*Raw data*:

--*--

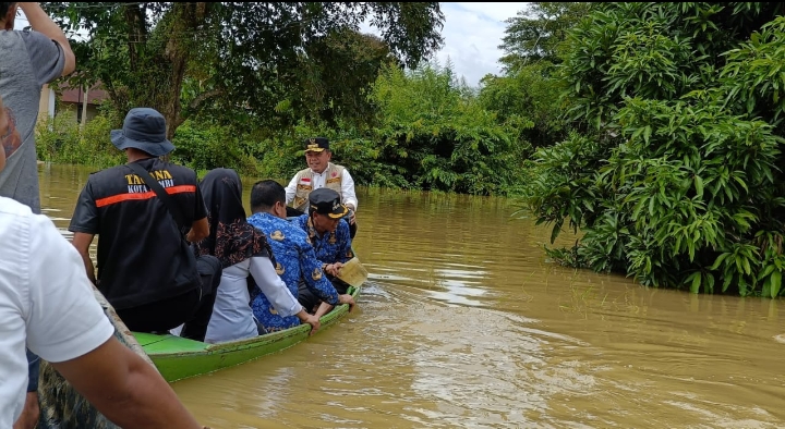 Dengan menggunakan perahu Gubernur Al Haris meninjau kondisi warga dan memberikan bantuan langsung ke rumah warga yang terdampak banjir. Adapun bantuan yang diberikan Gubernur berupa bahan pokok.
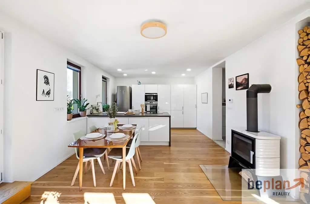 Nabízíme k prodeji útulný dům v obci Kamenice - Ládví, který splňuje nároky moderního bydlení. Dům o dispozici 6kk zahrnuje prostorný obývací pokoj s kuchyní a přímým vstupem na terasu, dva menší pokoje v přízemí, koupelnu s wc, komoru a technickou místnost. V patře jsou 3 pokoje, šatna a wc. Dům má příjemnou atmosféru s dostatkem místností i úložným prostorem.
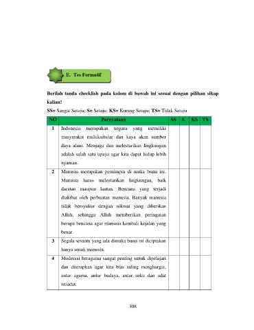 Berilah tanda checklish pada kolom di bawah ini sesuai dengan pilihan sikap

--*--

*Exercise brief*: Your answer must be the full listing, copied exactly, with no pictures in it.

*Task answer*:
 Dengan menggunakan perahu Gubernur Al Haris meninjau kondisi warga dan memberikan bantuan langsung ke rumah warga yang terdampak banjir. Adapun bantuan yang diberikan Gubernur berupa bahan pokok.
 Nabízíme k prodeji útulný dům v obci Kamenice - Ládví, který splňuje nároky moderního bydlení. Dům o dispozici 6kk zahrnuje prostorný obývací pokoj s kuchyní a přímým vstupem na terasu, dva menší pokoje v přízemí, koupelnu s wc, komoru a technickou místnost. V patře jsou 3 pokoje, šatna a wc. Dům má příjemnou atmosféru s dostatkem místností i úložným prostorem.
 Berilah tanda checklish pada kolom di bawah ini sesuai dengan pilihan sikap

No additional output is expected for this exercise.